Title: 2D Movement in Unity (Tutorial)
By: Brackeys
Youtube – Tutorial #1
Description: Tutorial for using a simple Unity player controller.


Title: MELEE COMBAT in Unity
By: Brackeys
Youtube – Tutorial #2
Description: Tutorial for setting up basic melee combat with a 2D player controller.


Overview

I started with the Melee combat tutorial but it referenced the movement tutorial for how they setup the starting movement and animation so I wanted to move back to them just to make sure I was starting in a similar spot. The player controller made in the 2D movement tutorial is actually pretty bad unfortunately, but I still wanted to use this melee combat tutorial as a base point for something that is workable but not amazing just to get an idea of how to approach combat.

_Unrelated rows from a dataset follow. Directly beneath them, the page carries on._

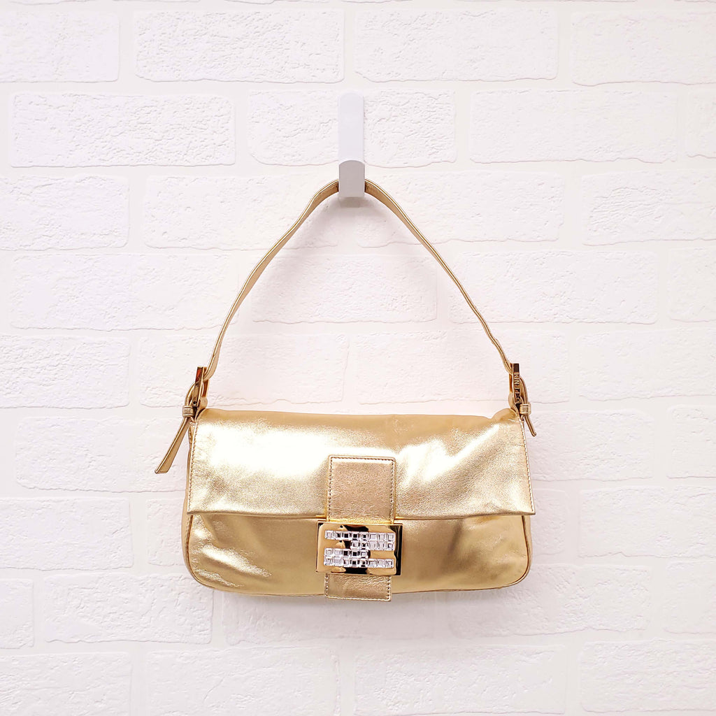 FENDI GOLD LEATHER AND CRYSTAL 'BAGUETTE' SHOULDER BAG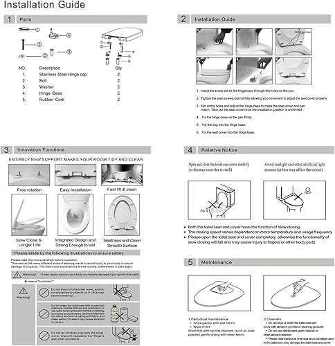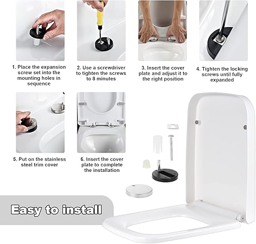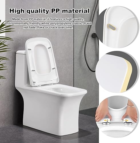 Sedile WC con Chiusura Morbida a Sgancio Rapido, Sedili WC con Chiusura Lenta e Cerniere a Sgancio Rapido per una Facile Pulizia, Fissaggio Più Solido, a Forma di Quadrata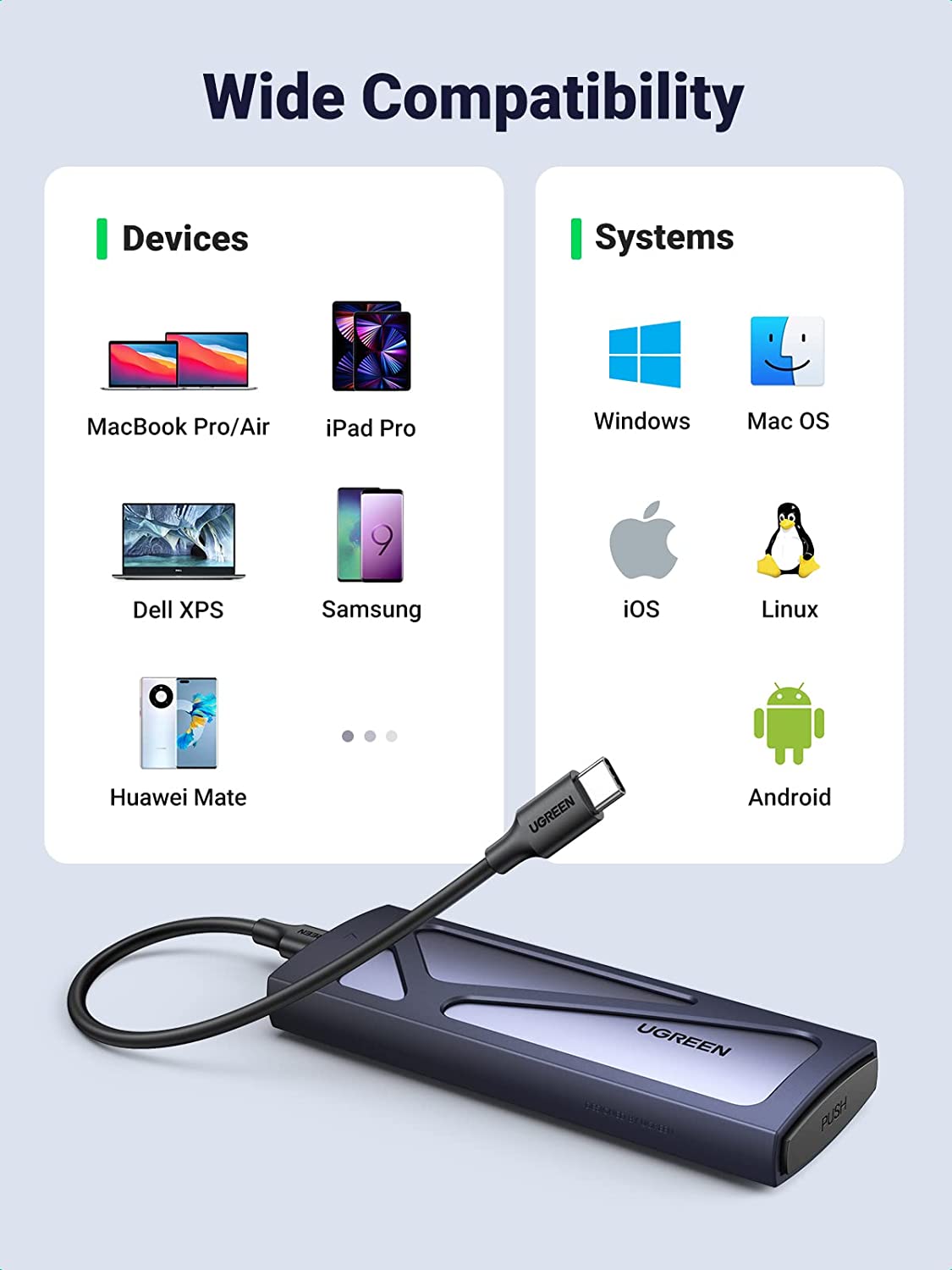 - Khả năng tương thích rộng: Vỏ SSD UGREEN M.2 NVMe được thiết kế đặc biệt cho Khóa M và B&M và cho SSD có kích thước 2230/2242/2260/2280 Tối đa 8TB. Vỏ M.2 NVMe có thể áp dụng cho các hệ thống Windows, Mac OS, Linux, Android, IOS.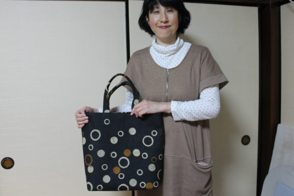 「これからも練習を重ねてもっときれいな線を書きたいです」と今回残念がっていましたが、バッグに仕上がってくると、「それなりにいいなあ!」と満足の笑顔に。それは良かったですね。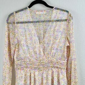 Elodie White Multi Floral Sheer Ruched Front Tie Surplice Mini Dress Medium NWOT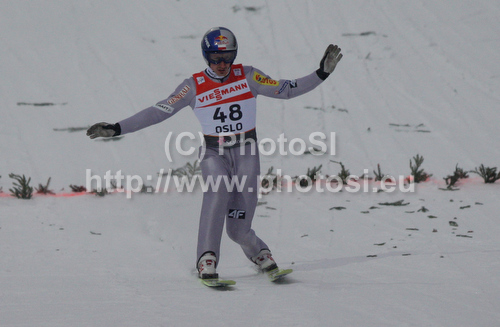 : Adam Malysz of Poland lands in ski jumping race on HS106 hill on FIS Nordic skiing World championships in Oslo, Norway. Ski jumping race on HS106 hill of FIS Nordic skiing World championships was held on Holmenkollen above Oslo, Norway, on Saturday, 26th of February 2011.

2D Player Movement – Tutorial #1

While overall not a great tutorial, it did support some concepts I have come across. They separated the player input functionality and the actual movement application into the Update and Fixed Update methods respectively, which is a solid approach I have seen more and more in my search for information on player controllers now. However, all of the Fixed Update work was basically already done in a Player Controller script they gave you, so it really just covered programming the script responsible for receiving player input and passing it on to the movement logic.

To make matters worse, the given script does not even work particularly well. Its checks for the ceiling and the ground can give weird results unless at good ranged values which can prevent your player from crouching or jumping, or getting out of crouch at times. Then when air control is turned on, there is a bug where the character automatically crouches in midair (which removes their upper hitbox) simply from them jumping into objects as the ceiling sensor activates and automatically makes them crouch in the air.

I was able to fix the midair crouching bug by adding an extra check in the tutorial given script to also ensure the player was grounded before making crouch true. This led to another interesting aspect of the tutorial with the separation of input and actual player movement because the movement was receiving information from the input such as “is crouch being pressed” and then would use that information and check the surroundings (such as if they are under a ledge) to determine whether they could actually move out of crouch or not. This was just an interesting way of separating the input logic from the actual player control logic and is good to keep in mind for an input buffering system.

After fixing the bugs and messing with adding some animation similar to what they already have at the start of the melee combat tutorial, I did not have time to move on to that one. I will look into completing that next with my decent player controller in place now with most of the animations.